Grassroots art – eccentric work by self-taught, prolific everyday folks (ranchers, farmers, welders, homemakers) – is everywhere in the out-of–the-way northwestern Kansas town of Lucas. it is actually fitting that art that is so “out there” should be way out here, far from the mainstream of most things, including the art world.
This was probably my 5th trip to Lucas in over 30 years and there is more to see each visit. The main draw is the remarkable Garden of Eden, a bizarre sculpture garden with giant concrete representations of populis themes — my favorite is one of a farmer being crucified by the banker, lawyer and doctor. And then there’s the giant limestone and concrete ziggurat looking mausoleum where you can peer into the coffin of the civil war veteran S.P. Dinsmoor who built the garden. (He is looking moldy these days, which our guide explained was due to a crack in the sheet of glass in front of the coffin, which let air in. it has been fixed but not before substantial damage.)
The garden and house — also a work of oddness, made of limestone logs — sits on an otherwise normal Kansas small town street, which is part of the charm and shock effect. But the garden and its sculptures in particular have never looked better after a recent massive multi-million dollar restoration funded by the Kohler Foundation ( from the Bath works company in Wisconsin).

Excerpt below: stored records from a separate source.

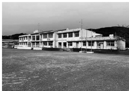
跡地利用が検討中の湯日小学校
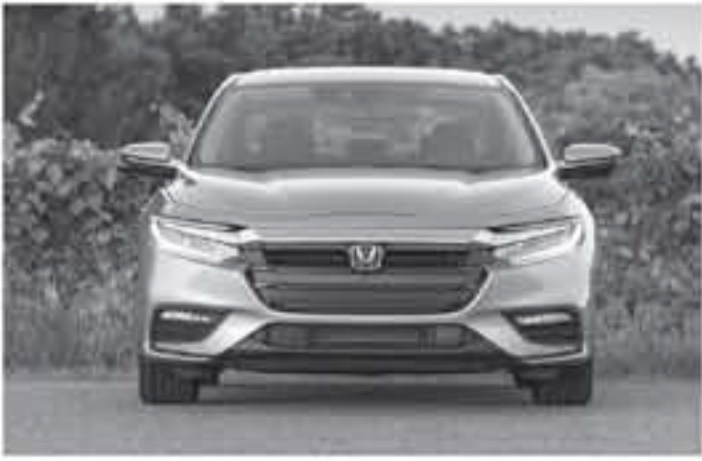
توكيو - وكالات

المرفق صورته ضمن هذا الخبر ظهر نسخة الإنتاج التجاري في شهر يناير بداية العام الجاري ضمن فعاليات معرض ديترويت للسيارات، لتصبح هذه السيارة اليابانية سيارة سيدان حديثة على عكس الجيلين السابقين لها اللذان كانا ضمن فئة سيارات الهجين.
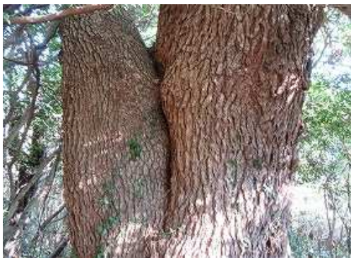
その先で クス大木 を見る。
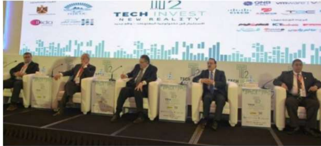
الملتقى السنوي الخامس للشعبة العامة للاقتصاد الرقمي والتكنولوجيا

And even more so, the two block downtown has more to see, including the Grassroots Art Center in an old limestone masons building,where we went on a very informative tour of several rooms and an outdoor courtyard showcasing the odd work of artists primarily from Kansas. ( “Grassroots art” was likened to “outsider art” but not “folk art.”)
There is also a phenomenal new public bathroom full of bizarre mosaics and the otherwise ordinary wood street lights are art installations. (One has various colorful belts strapped around it. Another has glass sculptures and two legs sticking up from the ground. Could it be the wicked witch of the west?)
We also found artworks in fields on Highway 14 heading to Lincoln and along Highway 18 to Lucas and Highway 232 back to Wilson and the interstate.
One disappointment: Brant’s meat market, which has sold homemade bologna for 90-some years in downtown Lucas, closed in January but the word on the street (literally from two townies sitting on a bench outside the market) is that it will reopen this summer, thanks to a new buyer.
I was glad to see “the Garden View Airbnb” now operating across the street from the Garden of Eden (run by our tour guide, who is also a cousin of Dinsmoor ) and the old hotel in Wilson (where the Movie “Paper Moon” was filmed) is still up and running. It also has a restaurant that serves dinner. Otherwise dining options are limited. We ended up about an hour west in Hays at Al’s Chickenette, which has been around since 1947 (and also has a new owner) where we had, yes, fried chicken. Very different than the upscale version we had in KC the night before but good in its own way (except for the mashed potatoes and gravy which were grey and gooey. get the fries. Much better.)